According to preliminary figures published yesterday by Statistics Iceland (SI), GDP growth measured 4.5% in Q2/2023, owing mainly to increased export revenues from this year’s surge in tourism. SI’s figures also show, however, that the economy is cooling rapidly in other respects. Another factor of importance is that we are now in a period where the comparison year is not affected by the pandemic, unlike previous quarters.
Marked slowdown in GDP growth
Q2/2023 GDP growth was driven mainly by a rapid increase in tourist visits, while in other respects, economic activity has eased markedly. Private consumption growth has slowed significantly, for instance, after having been the leading driver of output growth in recent years.
Private consumption growth subsides apace
Private consumption grew by 0.5% year-on-year in Q2/2023. This is a vast change relative to previous quarters, when private consumption was the main driver of GDP growth. Based on these figures, private consumption growth has lost considerable momentum, as can be seen clearly in indicators such as payment card turnover. It is also well to bear in mind that Iceland’s population has all but exploded recently, so it may be more useful to examine per capita private consumption data. On a per capita basis, private consumption actually shrank by 2.8% YoY in Q2.
Clearly, high inflation and rising interest rates have started to affect households’ consumption behaviour. Households appear to be hitting the brakes pretty firmly after their recent spending spree. The outlook is for a continued slowdown in private consumption growth. Indeed, private consumption is likely to contract later this year.
Tourism the mainstay of Q2 GDP growth
Exports carried most of the weight of GDP growth in Q2. Total exports increased by nearly 8% in real terms during the quarter, owing entirely to growth in services. Services exports were up 19.5% YoY, while goods exports shrank marginally, by 1%. The boom in services exports is due to the surge in tourist numbers. In H1, nearly 1 million tourists arrived in Iceland via Keflavík Airport, an increase of about 50% YoY,
and it is highly likely that services exports will keep growing in the near future. In our most recent macroeconomic forecast, we projected that tourist numbers would exceed 2.1 million this year, putting 2023 in second place in Iceland’s all-time visitor rankings. It is quite conceivable that this forecast will prove to have been on the low side and that tourist numbers will be slightly higher for the year as a whole.
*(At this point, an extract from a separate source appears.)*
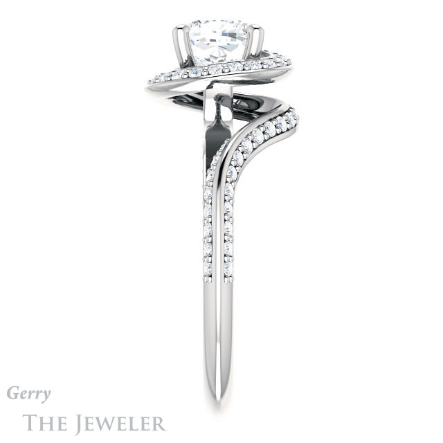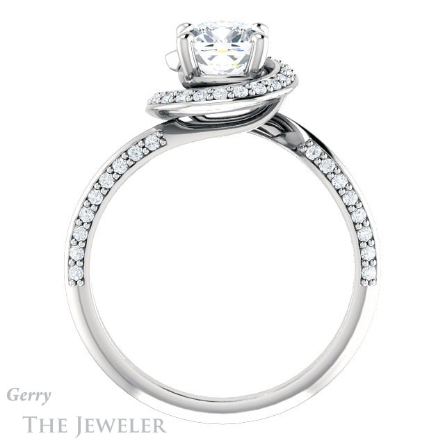 - This design can be set with your choice of certified lab grown diamond or moissanite center gem.Â

Imports grew by 1% YoY in Q2, which translates to a marked slowdown in import growth relative to previous quarters. This is Iceland’s weakest import growth rate since Q1/2021. Goods imports grew by just over 2% during the quarter, while services imports contracted by 1%. This reflects more Icelanders’ muted demand for overseas travel in 2023 than in 2022. Q2 figures show that Icelanders’ foreign travel declined by over 7% relative to the same period in 2022.
Investment growth due to increased business investment
Investment grew by 1.6% between years in Q2/2023, owing entirely to growth in business investment, which increased by 7.5%. This was offset, however, by a 5.4% contraction in residential investment and a 9.0% contraction in public investment. SI points out, though, that there is some uncertainty about residential investment data, and that the contraction in public investment is due largely to reduced investment at the municipal level.
Such a strong contraction in residential investment is somewhat surprising. Give the leading role the housing market has played in inflation and economic growth recently, it is unfortunate that SI should repeatedly attach provisos to residential investment data, casting doubt on the quality of the data concerned. According to the Housing and Construction Authority, just over 2,100 new homes have been put on the market in 2023 to date. Based on the number of homes currently in the last stages of construction, another 700 could be put on the market by the end of the year. This is roughly on a par with last year’s total of just under 2,900 new homes advertised for sale.
These figures from SI show clearly that the economy is finally cooling down after its recent growth spurt. The growth that has been seen recently is due mainly to a buoyant tourism sector – a trend that is likely to continue in the year future. GDP growth measured 5.8% in H1/2023. SI released revised GDP figures for recent years alongside this morning’s publication. These revisions show that growth was considerably stronger in 2022, or 7.2% instead of the previously anticipated 6.4%, and that the change was due mainly to more robust growth in exports, investment, and public investment than previous figures had indicated.
In our macroeconomic forecast from May, we projected year-2023 GDP growth at right around 3%. The data described above suggest that this forecast is still valid. We hope that demand growth will continue to ease and that export growth will keep gaining steam in the coming term.